Graham Stack for businessnew europe
A roaring trade in IPOs last year hit a brick wall at the start of this one as the aftershocks of the US sub-prime debacle reached emerging markets. Stock markets sold off sharply and conditions were so stormy that almost all Russian companies with plans to float put them on ice. However, following the smooth transfer of power from Vladimir Putin to his friend and ally Dmitry Medvedev the markets have rallied and IPOs are back on the agenda.
May kicked off with a $449m GlobalTrans IPO for Russia’s first pure freight-train play, and concluded with two large internet IPOs announced for later in 2008 – the yandex.ru search portal and the mail.ru mail portal, valued at $5bn and $1bn respectively, according to financial daily Vedomosti. “In 2007, the surprise were the retail and real estate IPOs,” says Deutsche Bank’s Yaroslav Lissovilik. “Infrastucture is going to be hot in 2008, and that for me includes internet and IT.”
Commenting on the IT and internet IPO trend, Renaissance Capital’s David Ferguson says there is a whole cluster of IT companies, having crossed the $500m per year revenue mark, in line to IPO. “They all want to do it, and they come to us for advice, and we tell them they’re not ready yet, but they will be soon. They’re all on the path towards there.” Ferguson underlines it was the software programming houses, and not the huge, but hard to monetise, social networking sites such as odnoklassniki and vkontakte, that were most likely candidates.

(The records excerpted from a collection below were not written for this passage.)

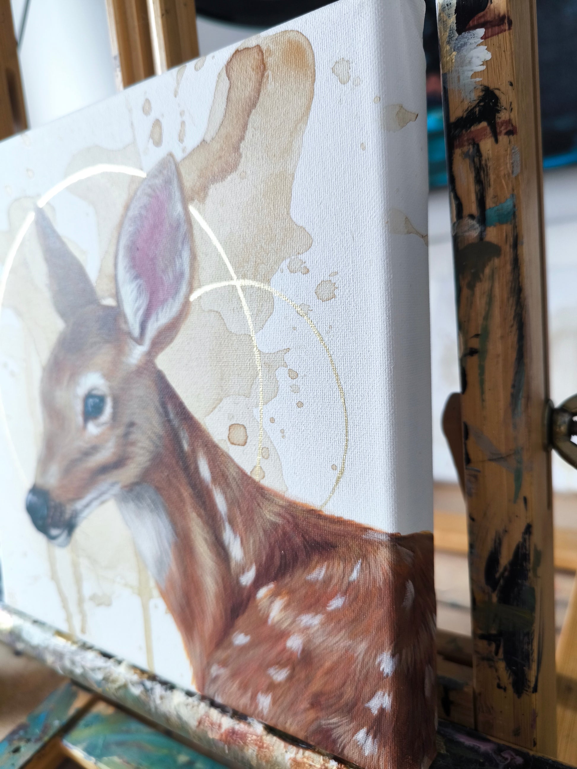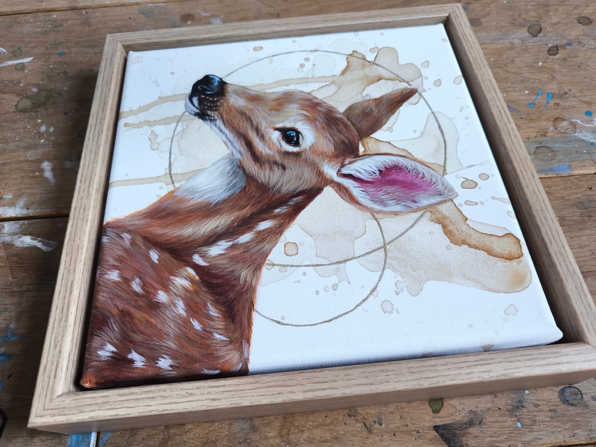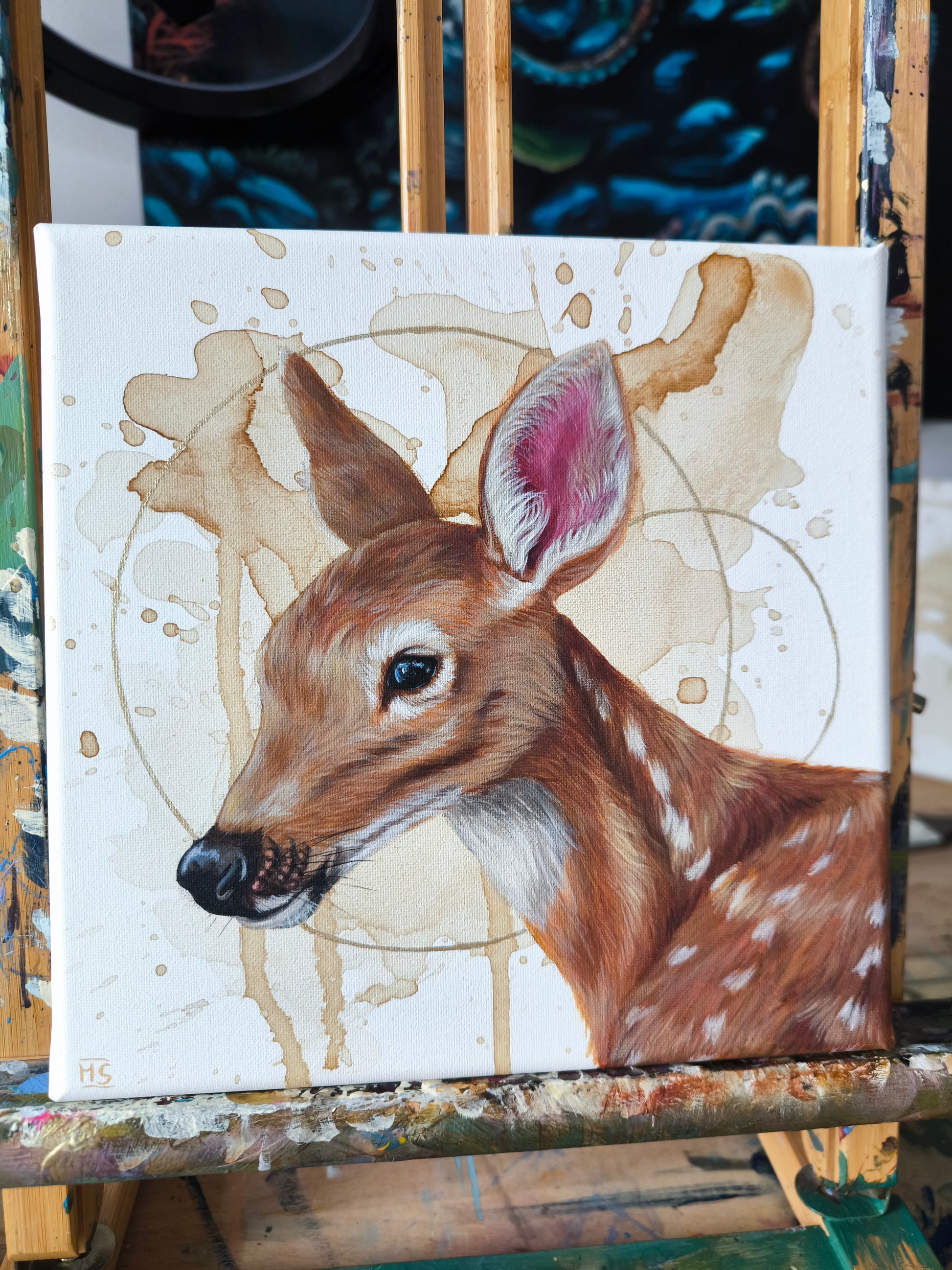 Das Kunstwerk ist eines aus meiner neuen Serie von 6 Kaffee Malereien, wo verschiedene Tiere nicht nur mit Erdigen Kaffee in Verbindung stehen, sondern auch den kühlen Metallpigmenten.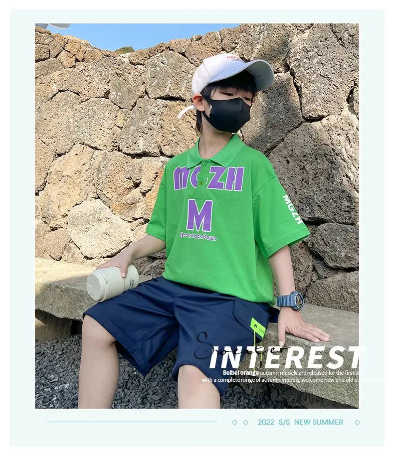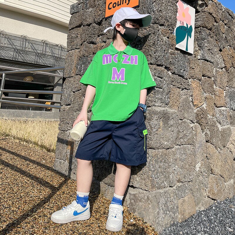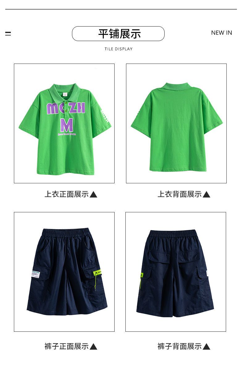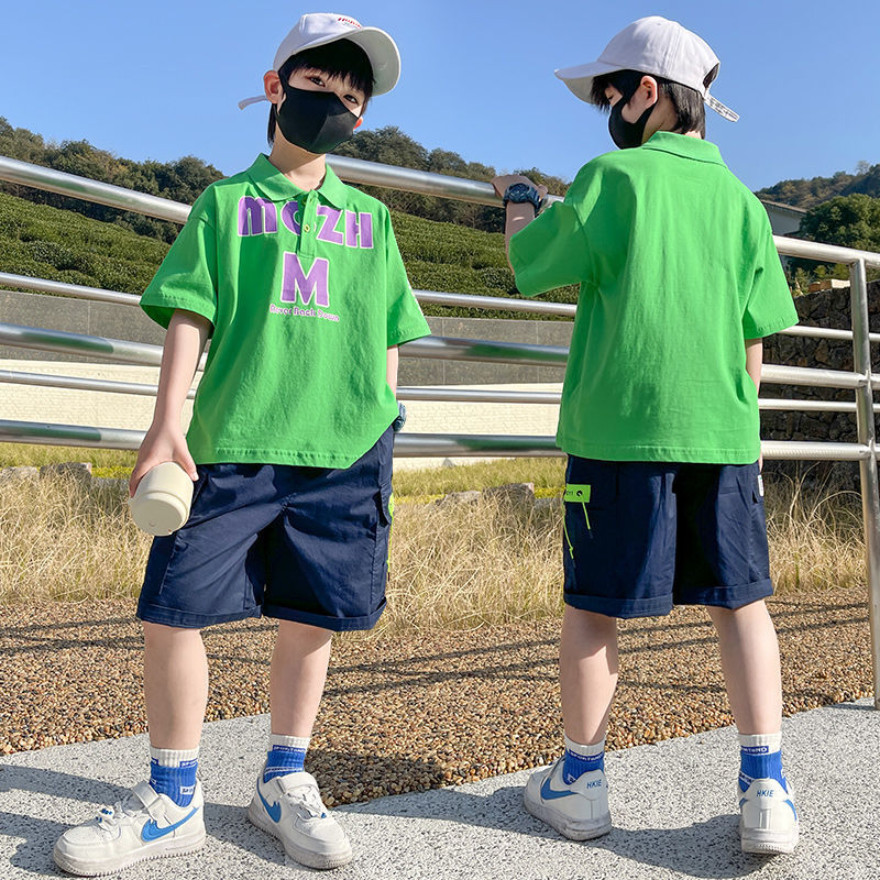 2023 Модный летний костюм для мальчиков, детская зеленая белая футболка с коротким рукавом + шорты, костюм из 2 предметов 8 9 10 12 13 14 лет, хлопковая детская одежда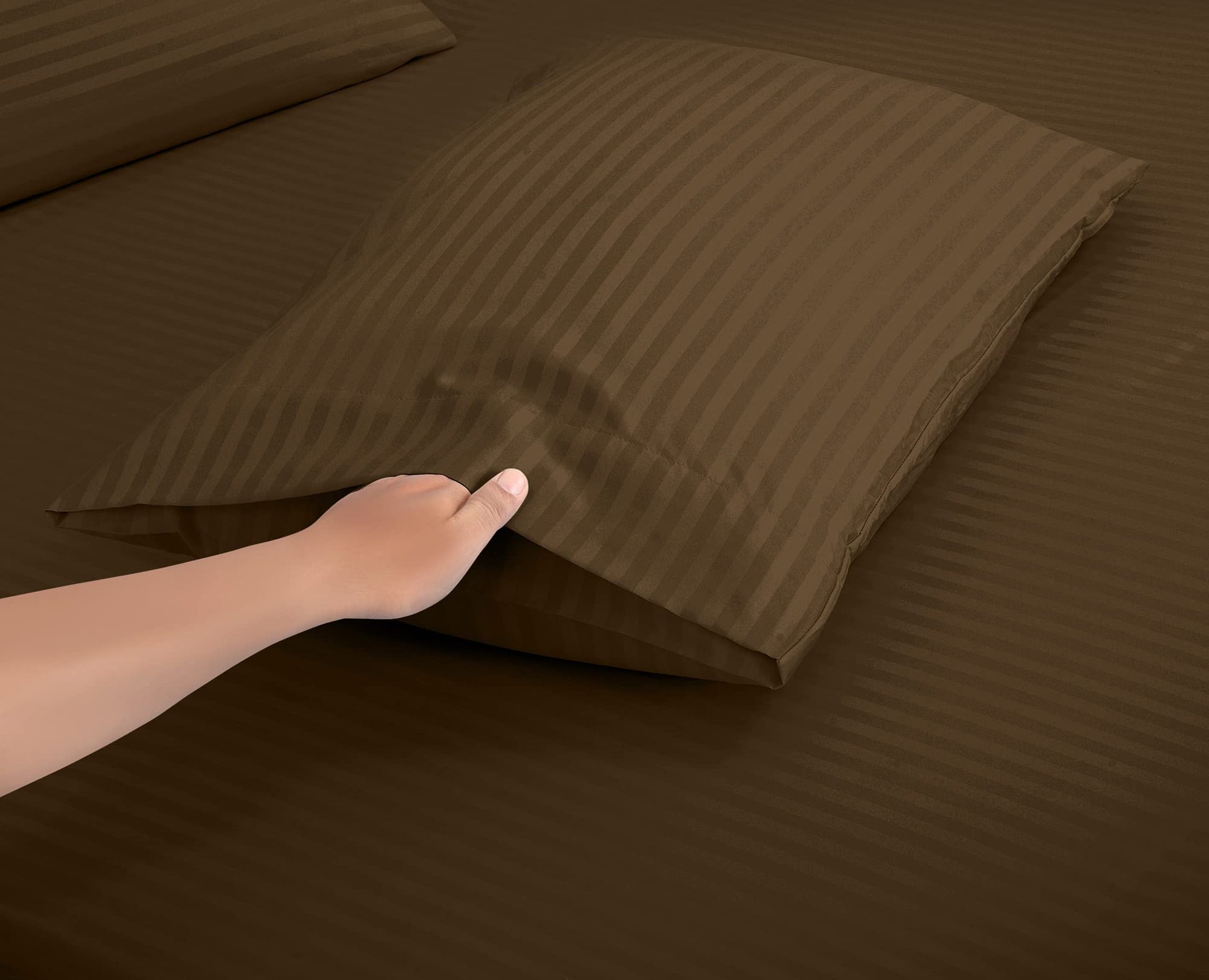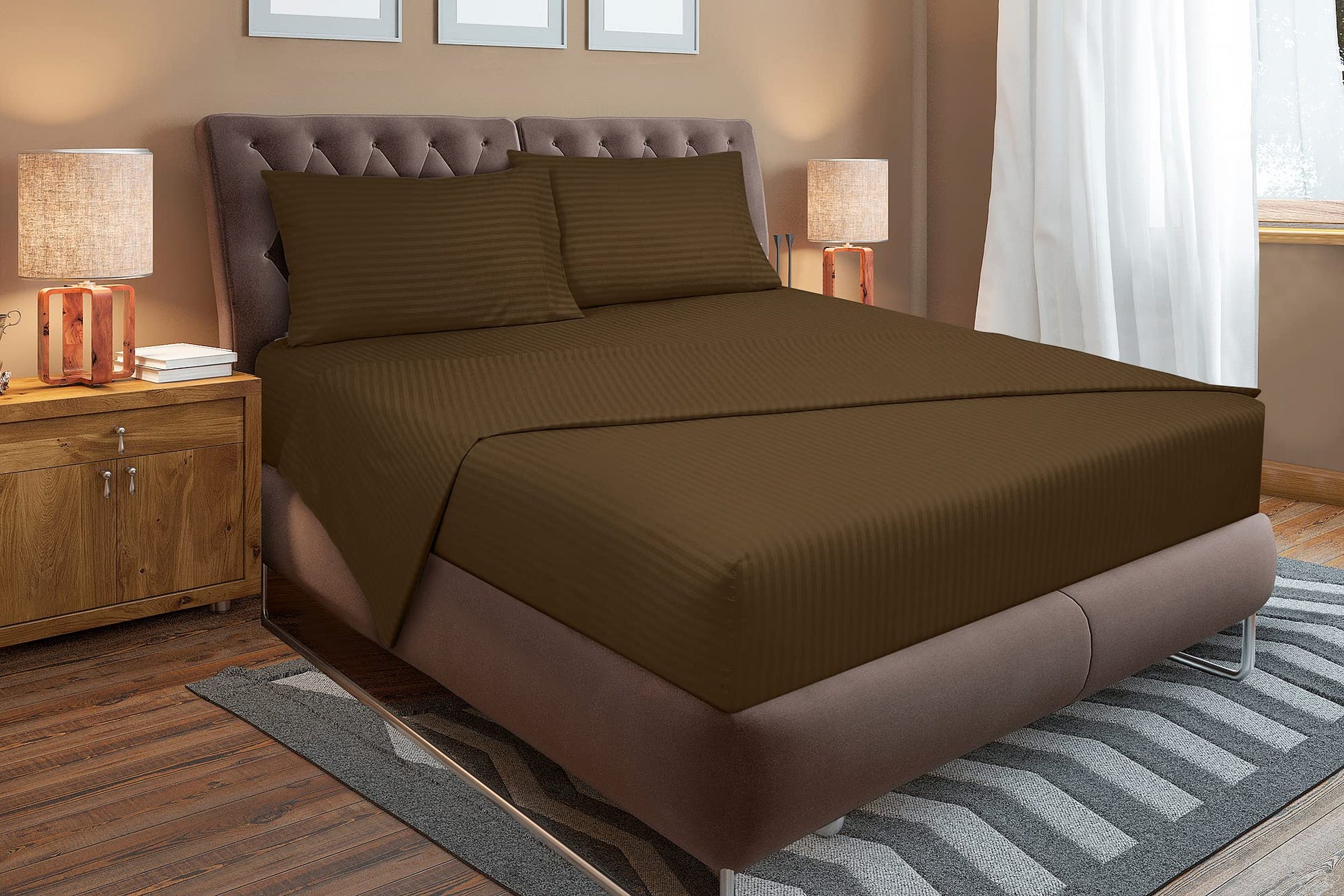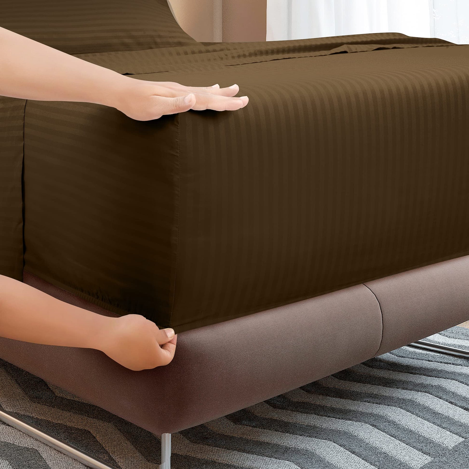 ROYALE LINENS Striped Bed Sheet Set - Microfiber 1800 Bedding - 1 Fitted Sheet, 1 Flat Sheet, 2 Pillowcase - Wrinkle & Fade Resistant - 4 Piece Damask Stripe Bed Sheet Set (Stripe Chocolate)

Market sentiment on the mend
May saw a long-awaited stock market rally follow the inauguration of President Medvedev, making all-round conditions more palatable for new listings. As Troika Dialog’s strategist Andrey Kuznetsov notes: “Sentiment changed in May, with companies resuming IPO programmes after a first quarter that saw few placements.”
Artyem Dovlatov, vice president of PBN, agrees that the mood is definitively looking up, and is looking for significant developments in the third and fourth quarters. “The first quarter is never huge in any year, and this year the market conditions were also bad. Dovlatov says PBN, which provides consultancy services for companies considering IPOs, has several big names in our pipeline, with sectors to watch out for being retail, mining, telecommunications – “which all represent the economic diversification the government is aiming for.”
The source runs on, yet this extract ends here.